A Conversation between Christopher Rea and Henry Jenkins


MCLC Resource Center Publication (Copyright August 2017)


Description

Slapstick performance and trick cinematography dominated early global cinema. People climb into boxes and are tossed around; they jerry-rig all manner of dwellings and conveyances; they leap out of windows, crash through doors, dangle from clock towers, and slide down staircases; they appear and disappear like ghosts. But what did such visual gags look like in films made in Shanghai, as opposed to Los Angeles? How did filmmakers from different cultural traditions share or adapt comic tropes—and which ones? And how did their comedy change with technology, such as the advent of sound cinema, or with politics, war, and revolution?
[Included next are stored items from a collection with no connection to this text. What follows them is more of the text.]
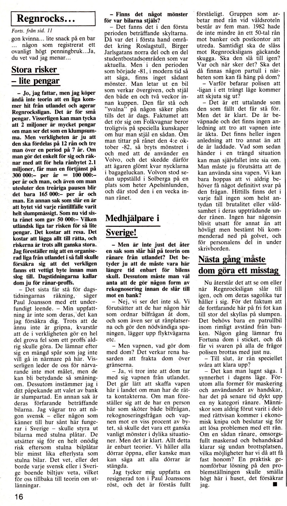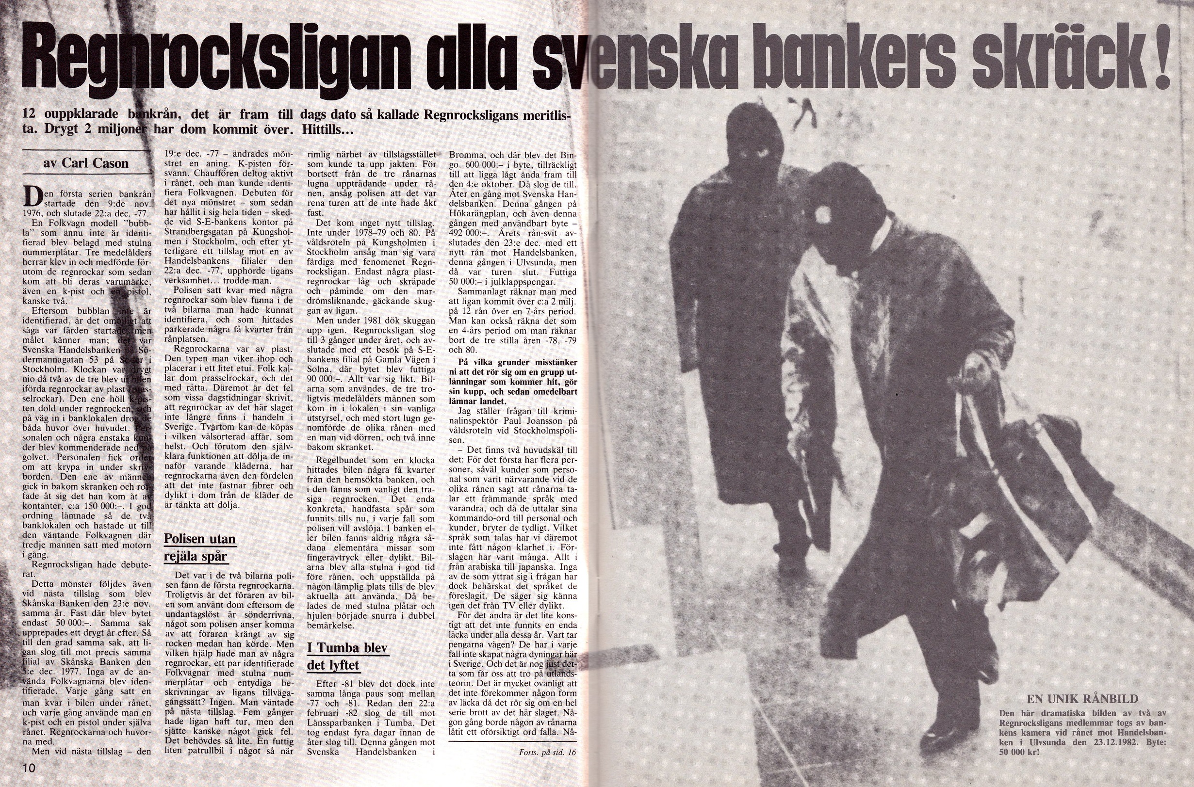 Mellan 1977 till 1982 så gjorde en ligan som fick namnet regnrocksligan (på grund av att de gjorde deras bankrån iklädda i regnrockar) 12 olika bankrån utan att åka fast (enligt artikeln från 1983). Väldigt lite information finns om detta gänget på nätet. Förutom artikeln från Veckans brott nr 8 1983 som jag postar här så finns det en artikel i expressen om en mördad man som skall ha varit med i regnrocksligan.
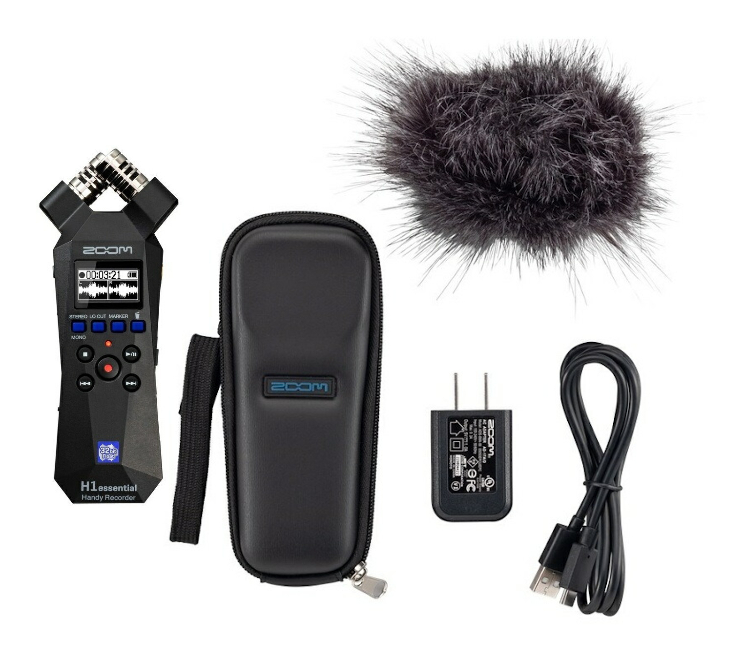 ★セット内容★ 本体:ZOOM H1essential アクセサリパック:ZOOM APH-1e(ヘアリーウィンドスクリーン、H1essential専用ソフトシェルケース、ACアダプタ、USB-Cケーブル) // 32bitフロート録音を、すべてのクリエイターに世界一簡単なレコーダーが、さらに簡単にミュージシャン、ポッドキャスター、映像作家など、あらゆるコンテンツクリエイターに最適なハンディレコーダー。32bitフロート録音機能を持つ『H1essential』なら、RECボタンを押すだけで、誰でも簡単に高音質なステレオ録音が行えます。32bitフロートの魔法32bitフロート録音なら、レベル調整の必要がありません。『H1essential』は、音のニュアンスを余すことなく捉え、どのテイクでも高品質なオーディオを録音します。アクセシビリティを備えたレコーダーEssentialシリーズは、視覚障がい者のためのアクセシビリティを考慮して設計されました。内蔵スピーカーやヘッドフォンを通して、設定メニューを音声で読み上げます。英語、スペイン語、フランス語、日本語、ドイツ語、イタリア語、中国語での
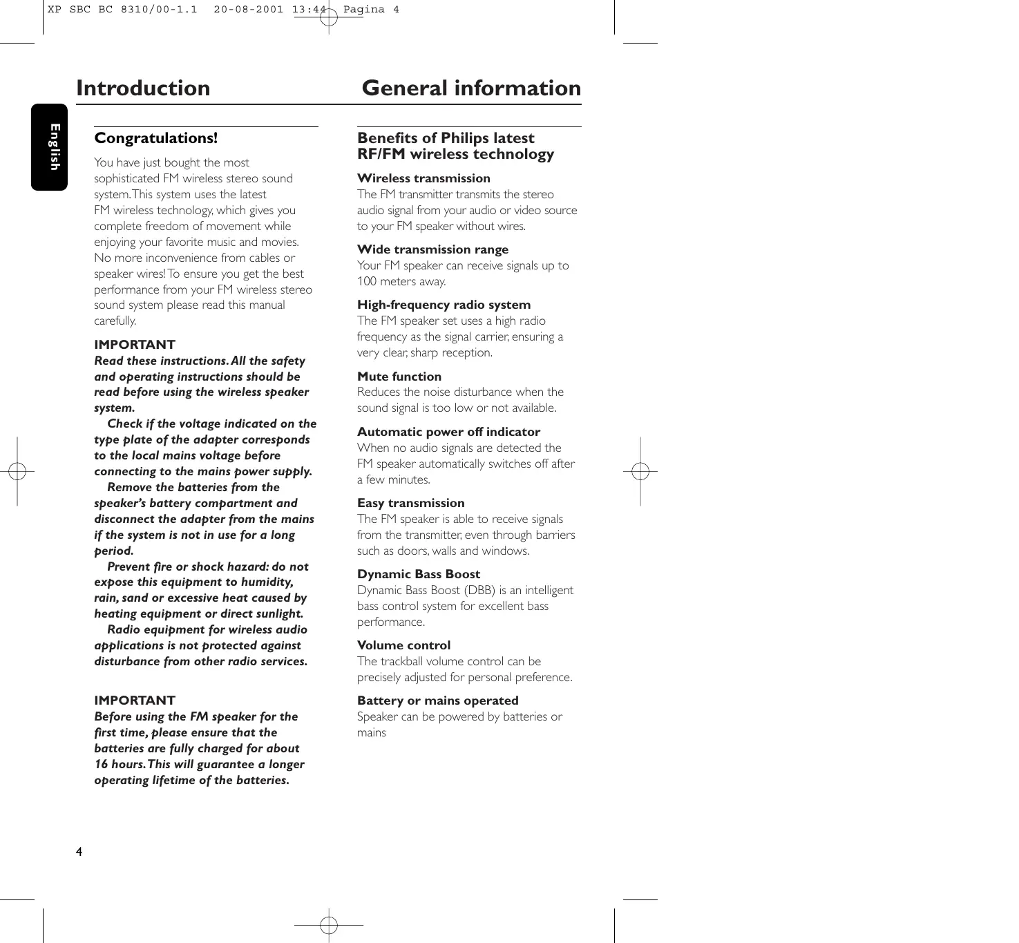 Benefits of Philips latest RF/FM wireless technology Wireless transmission The FM transmitter transmits the stereo audio signal from your audio or video source to your FM speaker without wires. Wide transmission range Your FM speaker can receive signals up to 100 meters away. High-frequency radio system The FM speaker set uses a high radio frequency as the signal carrier, ensuring a very clear, sharp reception. Mute function Reduces the noise disturbance when the sound signal is too low or not available. Automatic power off indicator When no audio signals are detected the FM speaker automatically switches off after a few minutes. Easy transmission The FM speaker is able to receive signals from the transmitter, even through barriers such as doors, walls and windows. Dynamic Bass Boost Dynamic Bass Boost (DBB) is an intelligent bass control system for excellent bass performance. Volume control The trackball volume control can be precisely adjusted for personal preference. Battery or mains operated Speaker can be powered by batteries or mains
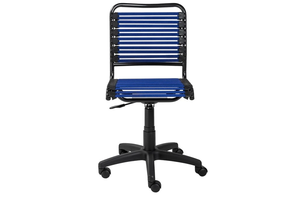 The Oslo Blue Low Back Bungee Desk Chair is a stylish and modern addition to any office space, featuring a comfortable armless design with a low back and bungee support system. This chair is also equipped with casters and wheels, gas lift, and swivel capabilities for easy movement and rolling.
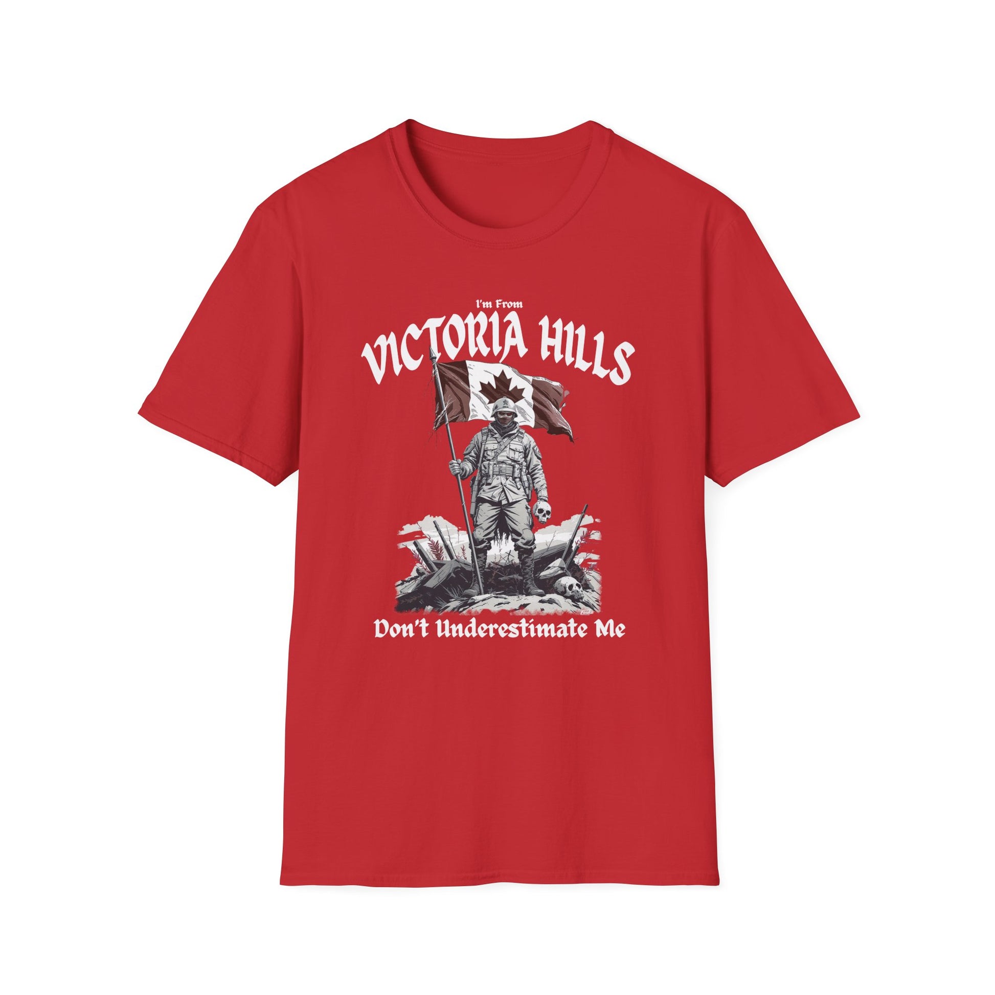 Victoria Hills Underestimate Guy T-Shirt, c03-n10-s002 Softstyle Graphic Tee, Unisex Casual Wear, Support'n Locals Merch, Gift for Community Lovers.
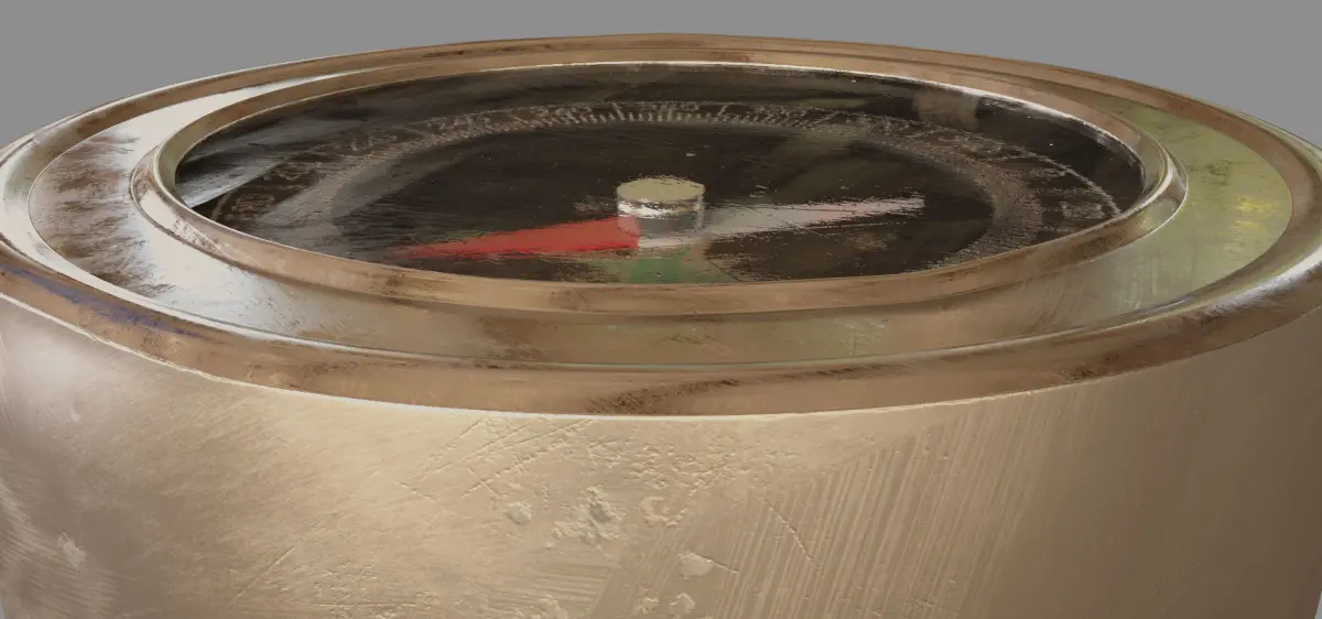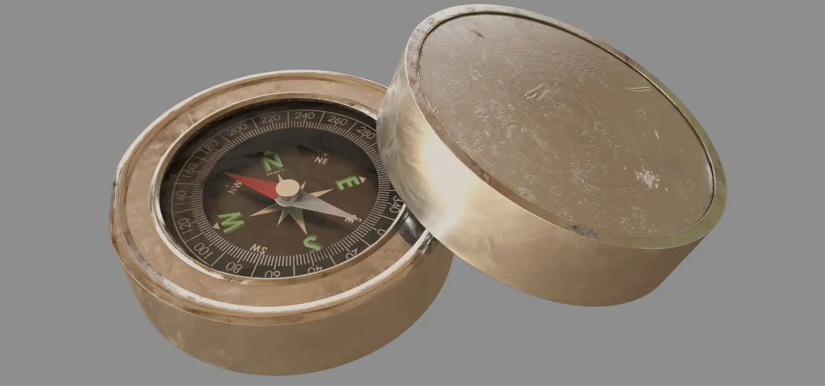 This compass was make in 3D maya and painting with Substance Painter. I can share only the .obj file and textures exported by Substance Painter. Its necessary to create the shader in the render engine that you want.
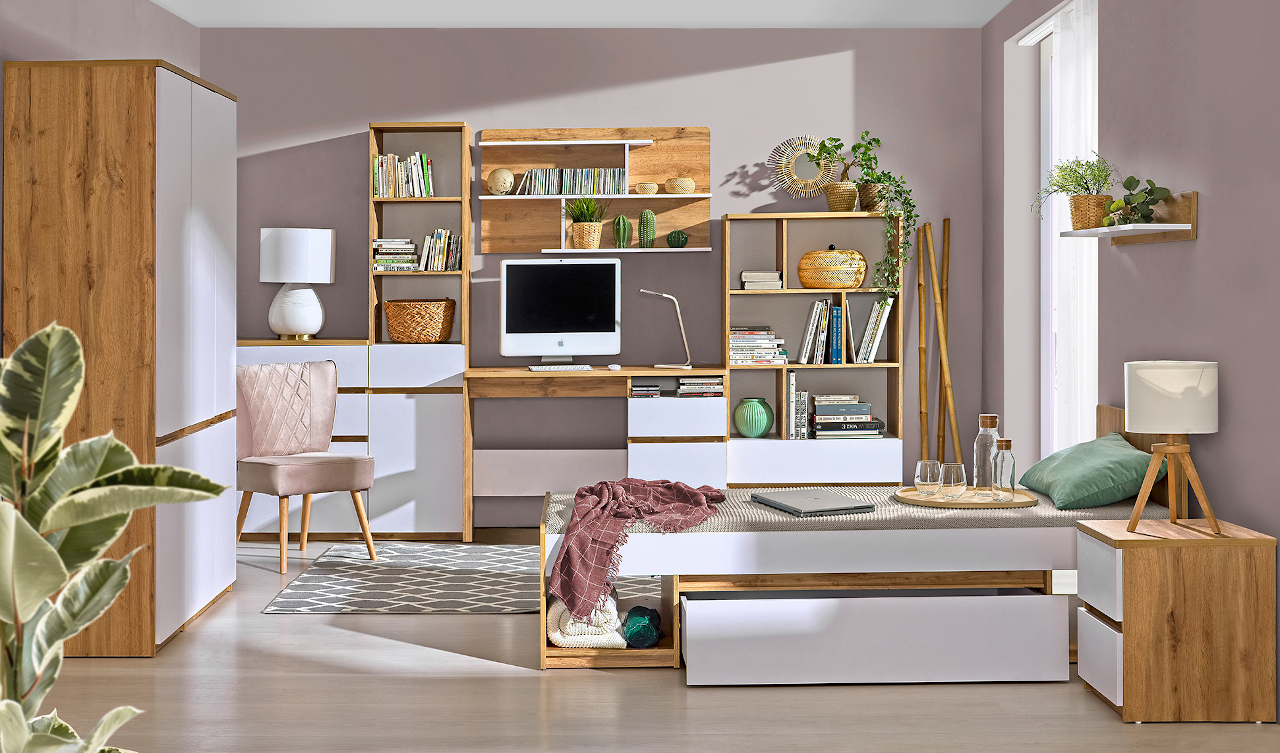 Skříň CARA 01 (80/195/52) Skříň CARA 02 (45/195/52) Regál CARA 03 (45/195/40) Regál CARA 04 (80/150/40) Komoda CARA 05 (80/94/40) Psací stůl CARA 07 (120/80/52) Police CARA 08 (80/15/20) Postel 90×195 CARA 09 (94/74/198) Noční stolek CARA 10 (40/49/40) Police CARA 12 (110/60/20) |

The following conversation between Henry Jenkins, a media scholar who works primarily on American popular culture, and Christopher Rea, a cultural historian of China, explores comic convergences on the silver screen, focusing on filmmakers who embraced a vaudevillian aesthetic of visceral comedy and variety entertainment. It offers a guided tour of cinematic comedy in comparative perspective, drawing out resonances between Hollywood and Chinese films from the 1910s to the 1950s. Illustrating the discussion are clips from a variety of films, from early works by Charlie Chaplin to the short-lived era of cinematic satire in Mao’s China.

Christopher Rea is Associate Professor of Asian Studies at the University of British Columbia. He is author of The Age of Irreverence: A New History of Laughter in China (California, 2015), which won the 2017 Joseph Levenson Book Prize (post-1900 China) of the Association for Asian Studies.

Henry Jenkins is Provost Professor of Communication, Journalism, Cinematic Arts and Education at the University of Southern California and is author of more than fifteen books about various aspects of American media, including What Made Pistachio Nuts?: Early Sound Comedy and the Vaudeville Aesthetic (Columbia, 1989).

The following is a transcript of a conversation between Christopher Rea and Henry Jenkins that took place at the University of Southern California on March 2, 2016. The event was co-sponsored by the USC Department of East Asian Languages and Cultures, the USC Annenberg School for Communication and Journalism, and the Department of Asian Studies of the University of British Columbia, and was made possible thanks to the assistance of Professor Brian Bernards and Brianna Correa. Nick Stember created the transcript, which has been edited for length. . . . . . . [Read the rest here: https://u.osu.edu/mclc/online-series/rea-jenkins/]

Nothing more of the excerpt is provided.